About Me Weekly Assignments Final Project
Kevin J Jijo
Week 10

10. Output Devices

Group Assignment

As part of the group assignment, we measured the power consumption of a servo motor and NeoPixel LEDs using a bench power supply. Instead of relying solely on datasheet specifications, we measured the actual current drawn by each device under operation and calculated the corresponding power consumption.

The electrical power consumed by a device can be calculated using:

Power (W) = Voltage (V) × Current (A)


NeoPixel Power Consumption

For the NeoPixel measurement, the power supply was set to 5 V, and the current drawn by the LEDs was measured using the bench power supply.

NeoPixel power consumption measurement

NeoPixel power consumption measurement setup.


Stepper Motor Power Consumption

The same procedure was repeated for the stepper motor by measuring the current while the motor was operating.

Stepper motor power consumption measurement

Stepper motor power consumption measurement setup.
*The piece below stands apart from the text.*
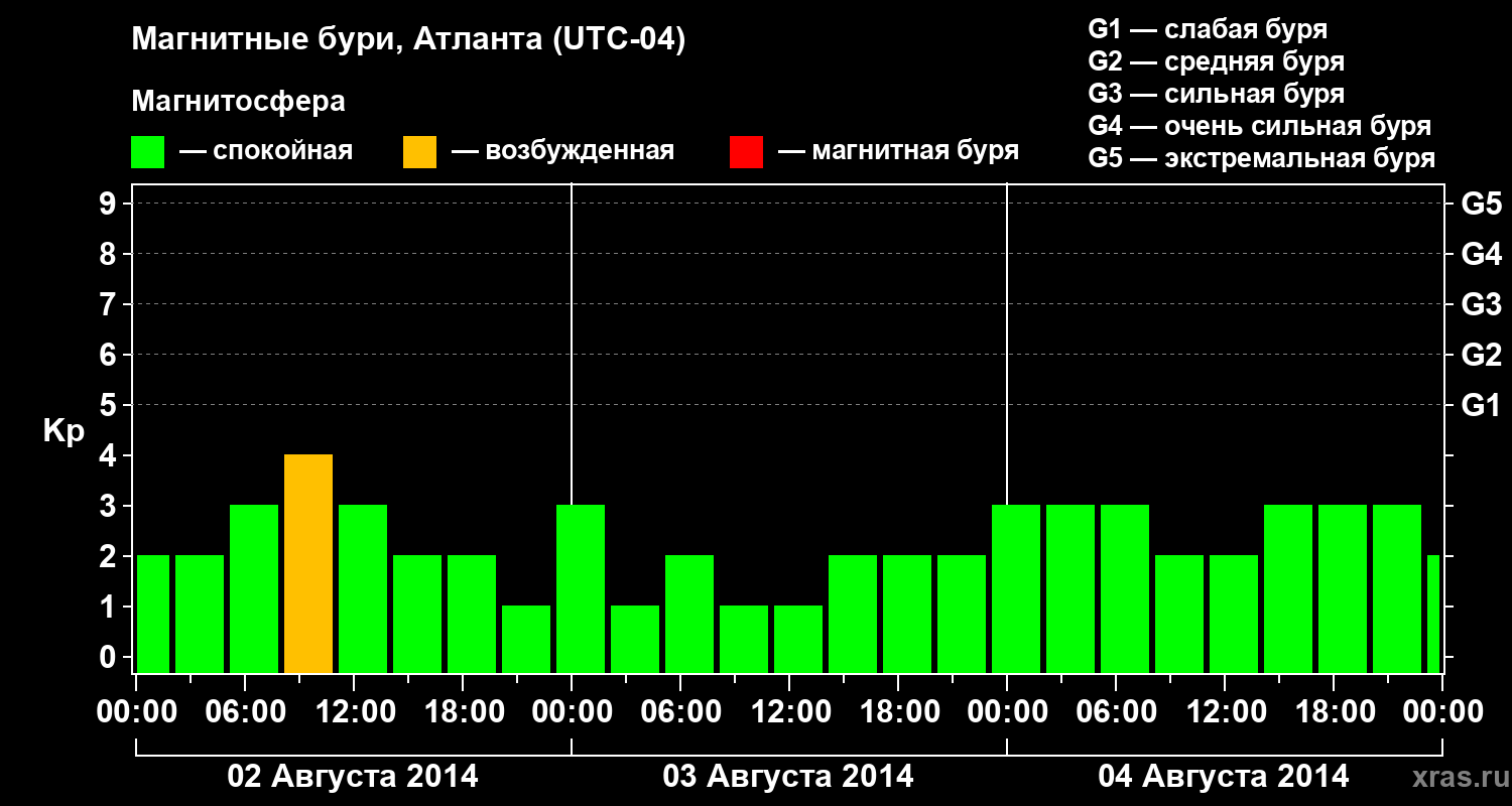 Изменения геомагнитного индекса Kp с 2 по 4 августа 2014 года для средних широт
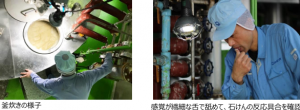 「釜炊き製法」とは、天然油脂を主原料に、加熱、かくはん、静置の工程を1週間以上かけて、じっくりと熟成させる製法。

This exercise demonstrated how practical current measurements can be used to determine the real power consumption of electronic devices, providing a more accurate understanding of system power requirements than relying solely on theoretical values.

Results can be found on the group assignment page of our lab.

Individual Assignment

This week focused on exploring different output devices and integrating them into a single embedded system. I tested an OLED display, servo motor, stepper motor, and their respective motor drivers before combining them into one working project. The final integrated system allows a rotary encoder to select a track on the OLED display while controlling both the servo and stepper motor together.

Output Devices Used

OLED Display

The SSD1306 is a single-chip CMOS OLED/PLED driver with an integrated controller designed for organic or polymer light emitting diode dot-matrix displays. The display used here is a 128 × 64 pixel module consisting of 128 segments and 64 commons, designed for common cathode type OLED panels.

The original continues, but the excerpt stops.